[FLINK] FLIP-6 on YARN

YARN TaskManager Runner FLINK-4929

The YARN TaskManager Runner has the following responsibilities:

Read the configuration and all environment variables and compute the effective configuration
Start all services (Rpc, High Availability, Security, etc)
Instantiate and start the Task Manager Runner

YARN Application Master Runner FLINK-4928

The Application Master Runner is the master process started in a YARN container when submitting the Flink-on-YARN job to YARN.

It has the following data available:

Its responsibility is the following:

Read all configuration and environment variables, computing the effective configuration
Start all shared components (Rpc, HighAvailability Services)
Start the ResourceManager
Start the JobManager Runner

YARN Resource Manager FLINK-4927

The Flink YARN Resource Manager communicates with YARN's Resource Manager to acquire and release containers.

It is also responsible to notify the JobManager eagerly about container failures.

YARN Client FLINK-4930

The FLIP-6 YARN client can follow parts of the existing YARN client.

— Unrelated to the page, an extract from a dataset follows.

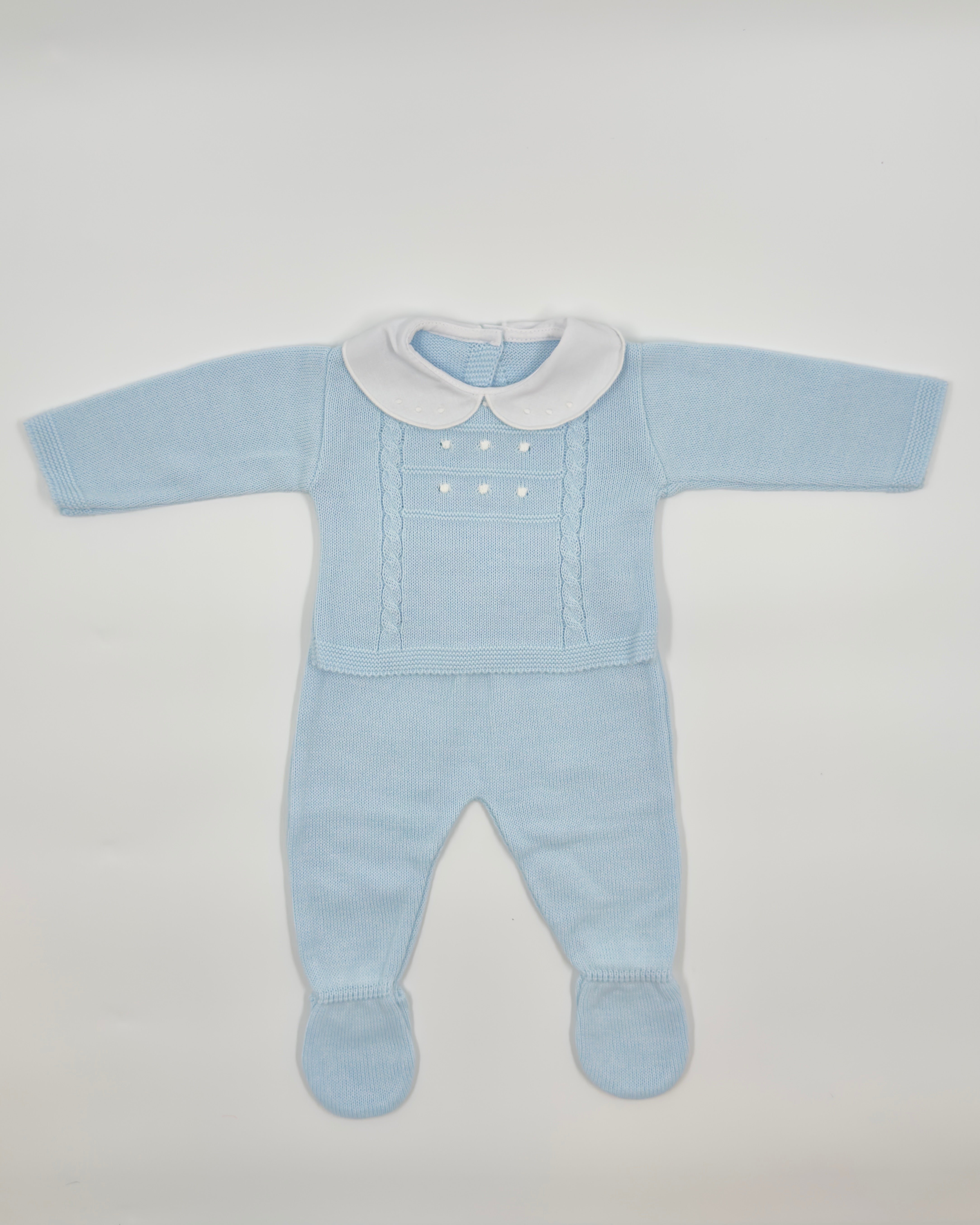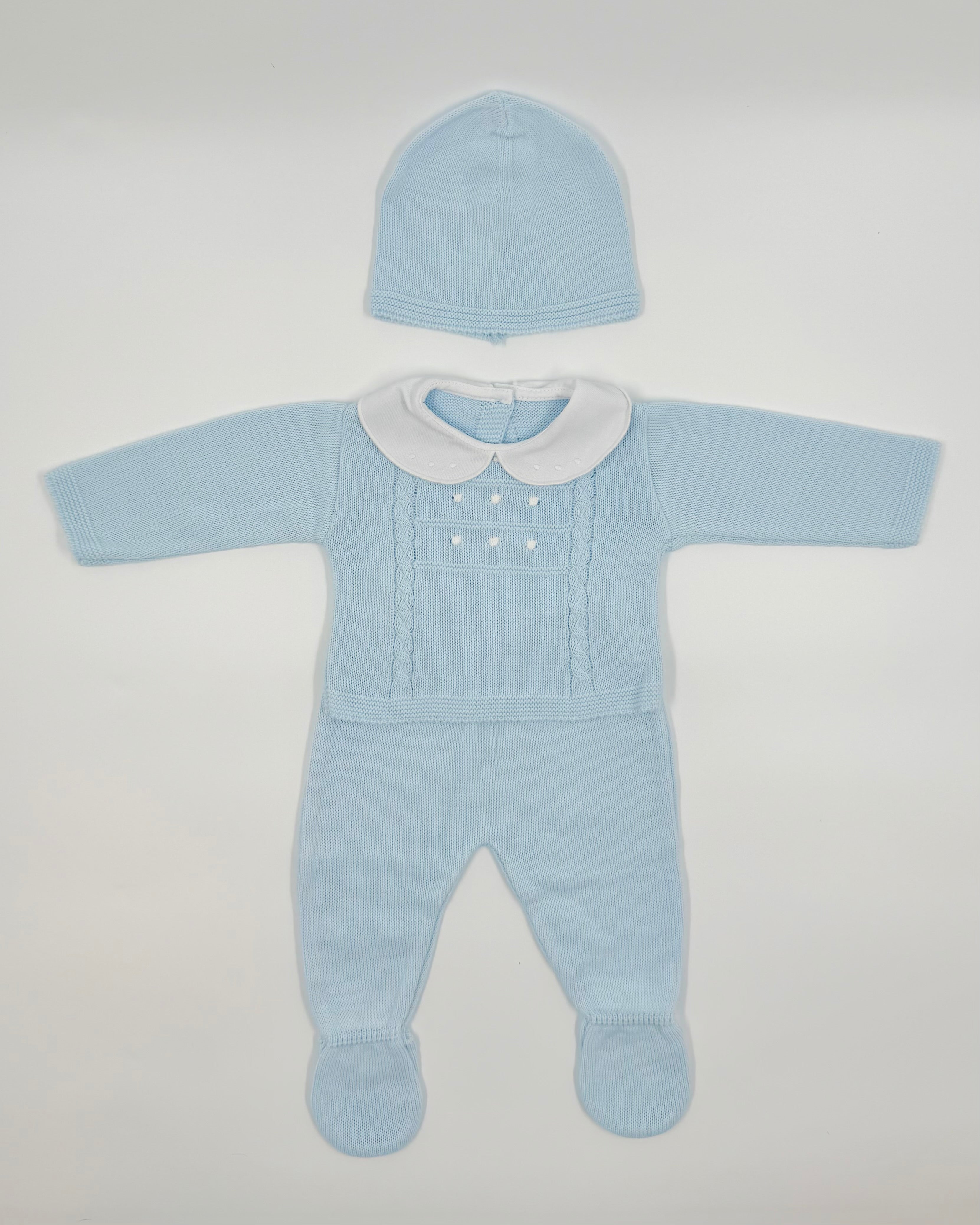 Baby Blue & Collar Newborn Knitted Outfit

The main difference is that it does not wait for the cluster to be fully started and for all TaskManagers to register. It simply submits

Set up all configurations and environment variables
Set up the resources: Flink jar, utility jars (logging), user jar
Set up attached tokens / certificates
Submit the Yarn application
Listen for leader / attempt to connect to the JobManager to subscribe to updates
Integration with the Flink CLI (command line interface)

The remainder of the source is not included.